The claim that farming animals is responsible for a third of the world’s greenhouse gases – more than all transport put together – is a commonly quoted stat that many farmers disagree with.
It may be true of industrial farming, where animals raised indoors take up less land but huge swathes of jungle and rainforest across the world are being razed to grow the crops to feed them high-protein diets.
However, it doesn’t take into account the more sustainable grass-based systems, where grazing animals at pasture can help offset CO2 emissions by sequestering carbon in the soil. Here, smaller fields of four-five acres are separated by hedges and trees in which wildlife thrives and that help to protect the soil from erosion in extreme weather conditions.
The Buddens believe in organic certification because they can be independently verified. However, not all non-organic systems are intensive, such as Hannan’s Meat.

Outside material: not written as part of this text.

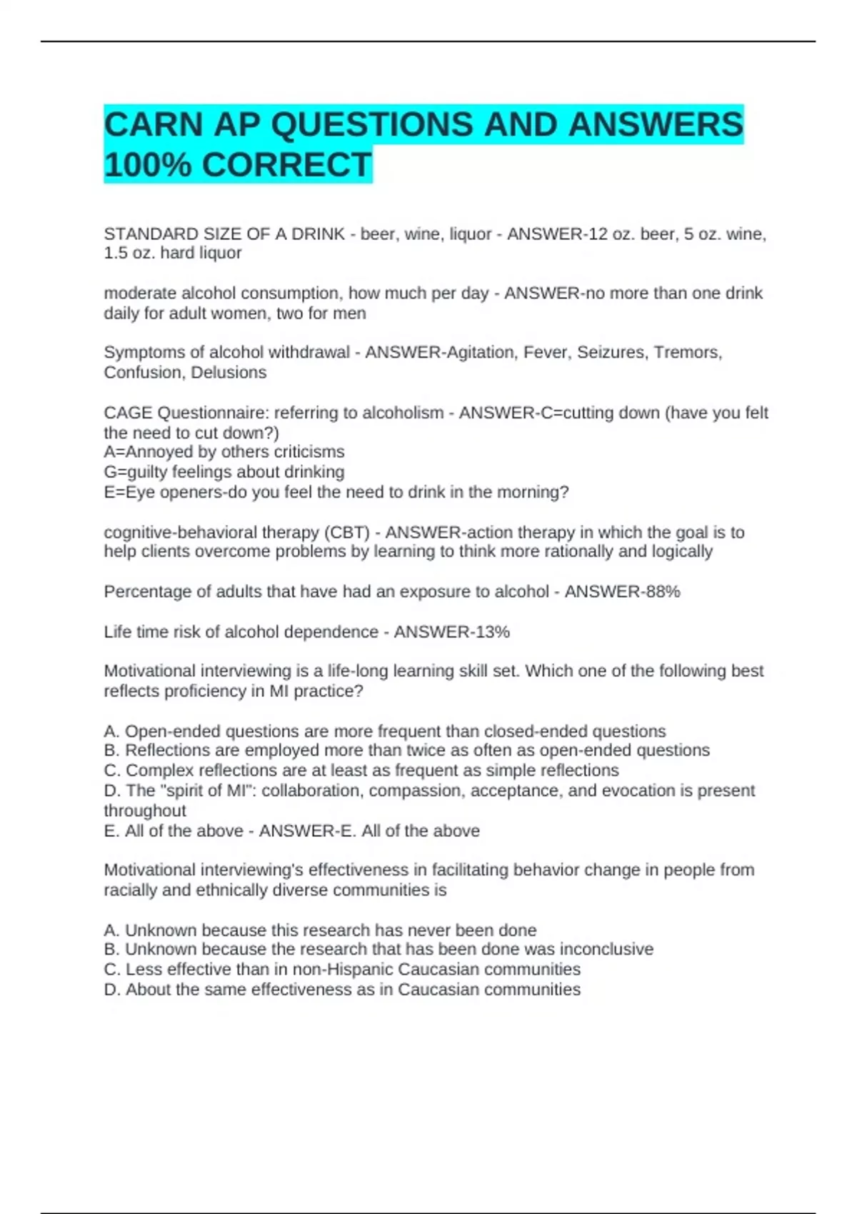 CARN-AP EXAM STUDY BUNDLE- LATEST UPDATE 100% CORRECT!!CARN-AP EXAM STUDY BUNDLE- LATEST UPDATE 100% CORRECT!!CARN-AP EXAM STUDY BUNDLE- LATEST UPDATE 100% CORRECT!!CARN-AP EXAM STUDY BUNDLE- LATEST UPDATE 100% CORRECT!!CARN-AP EXAM STUDY BUNDLE- LATEST UPDATE 100% CORRECT!!CARN-AP EXAM STUDY BUNDLE- LATEST UPDATE 100% CORRECT!!CARN-AP EXAM STUDY B

With such a broad spectrum of farming there’s an overwhelming number of choices and food labels to decipher when searching for high-quality, high-welfare meat. Personally, I take it down to the single animal that is providing the milk in my tea or the meat on my plate and ask myself if I am confident that I am comfortable with the life it has lived.
If I’m not, I abstain. If I am, you’ll find the brand on my website Bicbim.
As Hannan says: “Cheap meat is not something any of us should aspire to have. Every time we eat a piece of meat something is being sacrificed. It should be a luxury, not an everyday commodity.”